- _Requirement_
Leave the images aside and repeat the whole listing exactly.

- _Records supplied_

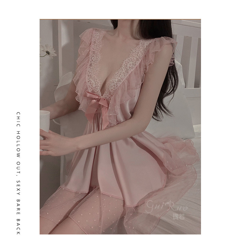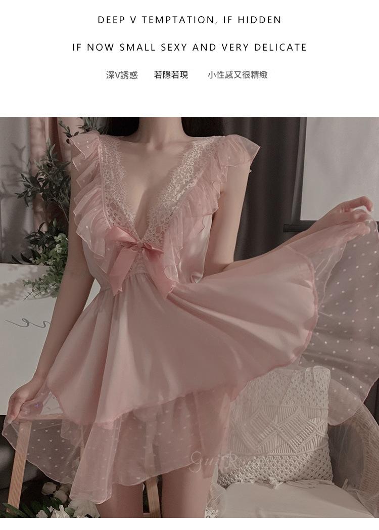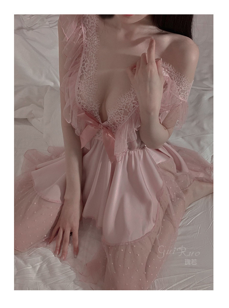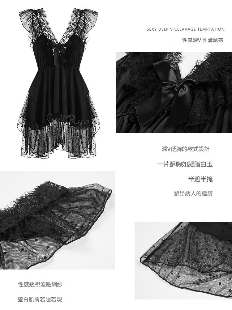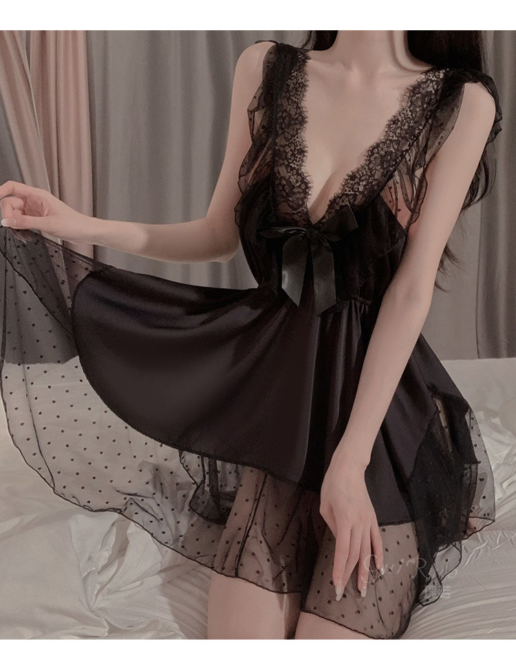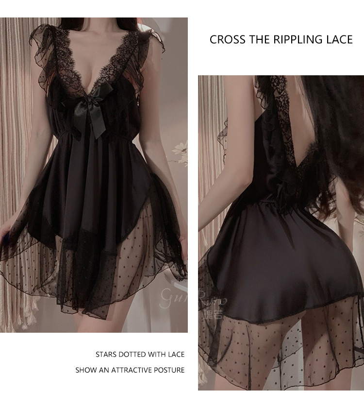 LPLT6319100031 甜美大碼睡衣露背誘惑波點網紗吊帶睡裙女可愛家居服套裝
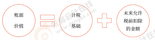 可以這樣理解,會(huì)計(jì)上的賬面價(jià)值包括兩部分:一部分是稅法認(rèn)可的,稱為計(jì)稅基礎(chǔ);另一部分是稅法不認(rèn)可的,未來(lái)期間才允許稅前扣除的金額。
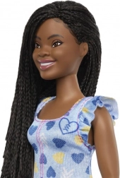 Denne mode-dukke BARBIE giver børn inspiration til at fortælle deres egne historier. Hun er klædt i en iøjnefaldende blå kjole pyntet med farverige hjerter, suppleret med lyserøde briller og sko. Lange fletninger og et muntert udtryk gør hende til den ideelle ven til hverdagsleg og udvikling af fantasien.
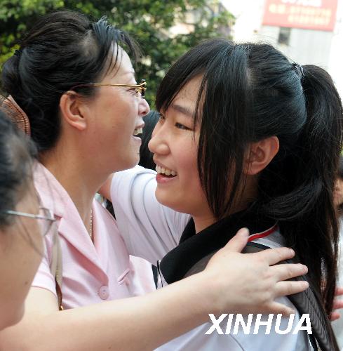 6月7日,广州市109中学的考生李紫薇(右)与前来送考的老师热情相拥。当日,2009年全国普通高校招生全国统一考试拉开帷幕,在广州市广铁一中考点外,送考老师与考生之间展现出浓浓的师生情谊。新华社记者 刘大伟 摄
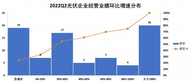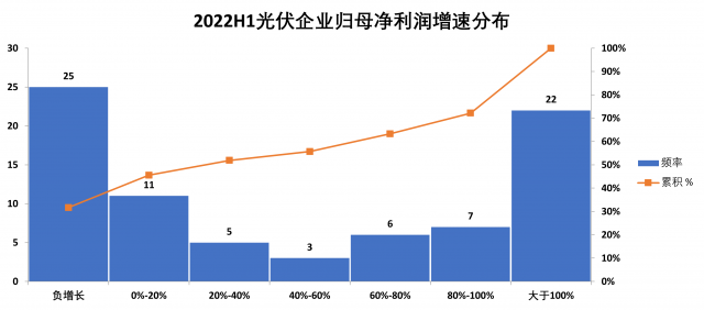 相比于營收的普漲態(tài)勢,光伏企業(yè)的經(jīng)營業(yè)績卻出現(xiàn)顯著分化。2022年上半年,79家光伏企業(yè)的歸母凈利潤總額達到650億元,平均增速為32%。其中,利潤負增長的企業(yè)占比高達32%,而業(yè)績翻倍增長的企業(yè)占比亦達到28%,呈現(xiàn)顯著的“兩極分化”態(tài)勢。不過,與2021年不同的是,產(chǎn)業(yè)鏈中游的諸多專業(yè)化廠商紛紛迎來“困境反轉”,而業(yè)績出現(xiàn)下滑的企業(yè)多為競爭力一般的中小市值企業(yè)。
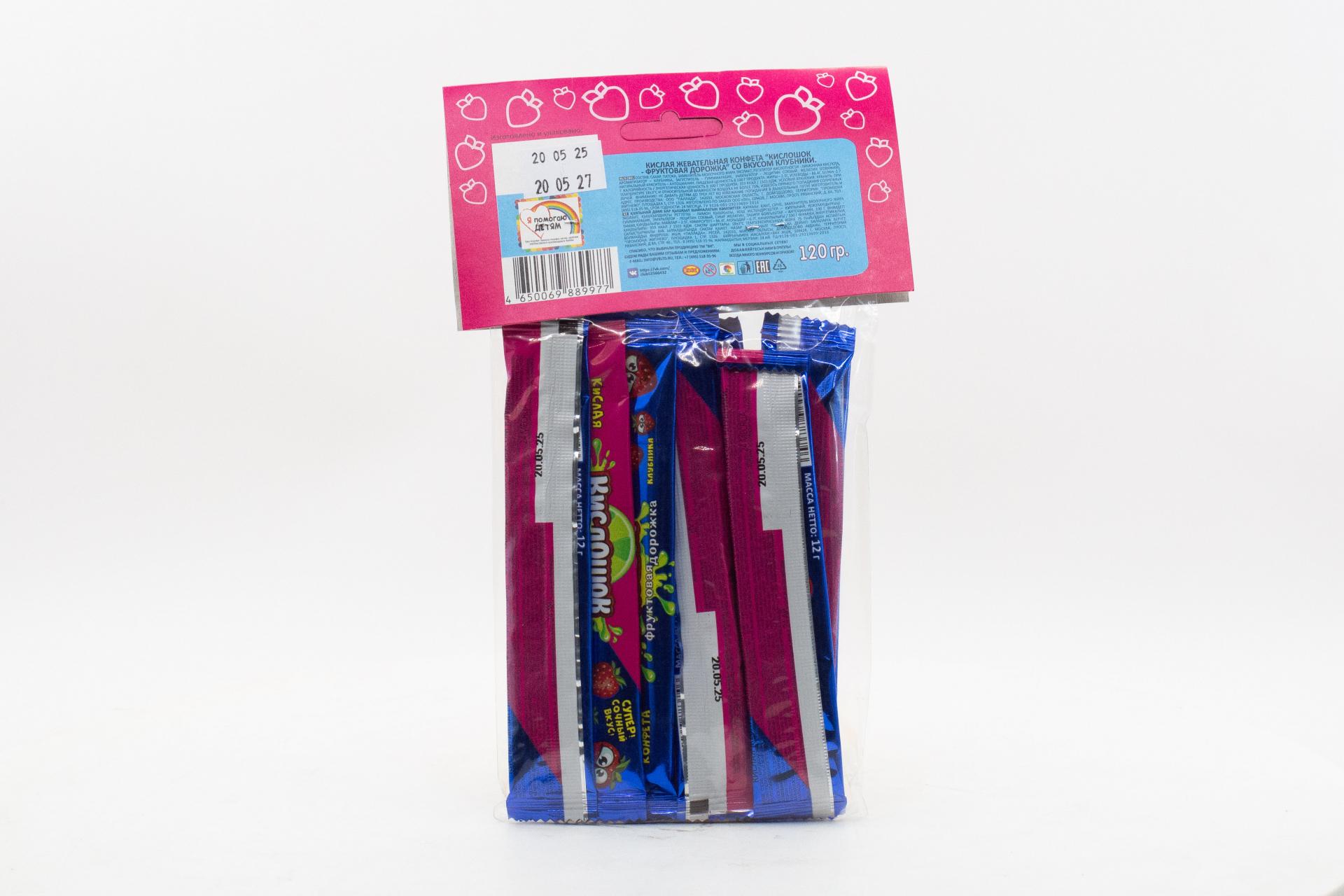 Кислая жевательная конфета Кислошок - фруктовая дорожка 10 со вкусом клубники (Россия) 120г61,33 руб. за штуку (в упак. 36 шт.) |

- _The answer_
 LPLT6319100031 甜美大碼睡衣露背誘惑波點網紗吊帶睡裙女可愛家居服套裝
 可以這樣理解,會(huì)計(jì)上的賬面價(jià)值包括兩部分:一部分是稅法認(rèn)可的,稱為計(jì)稅基礎(chǔ);另一部分是稅法不認(rèn)可的,未來(lái)期間才允許稅前扣除的金額。
 Denne mode-dukke BARBIE giver børn inspiration til at fortælle deres egne historier. Hun er klædt i en iøjnefaldende blå kjole pyntet med farverige hjerter, suppleret med lyserøde briller og sko. Lange fletninger og et muntert udtryk gør hende til den ideelle ven til hverdagsleg og udvikling af fantasien.
 6月7日,广州市109中学的考生李紫薇(右)与前来送考的老师热情相拥。当日,2009年全国普通高校招生全国统一考试拉开帷幕,在广州市广铁一中考点外,送考老师与考生之间展现出浓浓的师生情谊。新华社记者 刘大伟 摄
 相比于營收的普漲態(tài)勢,光伏企業(yè)的經(jīng)營業(yè)績卻出現(xiàn)顯著分化。2022年上半年,79家光伏企業(yè)的歸母凈利潤總額達到650億元,平均增速為32%。其中,利潤負增長的企業(yè)占比高達32%,而業(yè)績翻倍增長的企業(yè)占比亦達到28%,呈現(xiàn)顯著的“兩極分化”態(tài)勢。不過,與2021年不同的是,產(chǎn)業(yè)鏈中游的諸多專業(yè)化廠商紛紛迎來“困境反轉”,而業(yè)績出現(xiàn)下滑的企業(yè)多為競爭力一般的中小市值企業(yè)。
 Кислая жевательная конфета Кислошок - фруктовая дорожка 10 со вкусом клубники (Россия) 120г61,33 руб. за штуку (в упак. 36 шт.) |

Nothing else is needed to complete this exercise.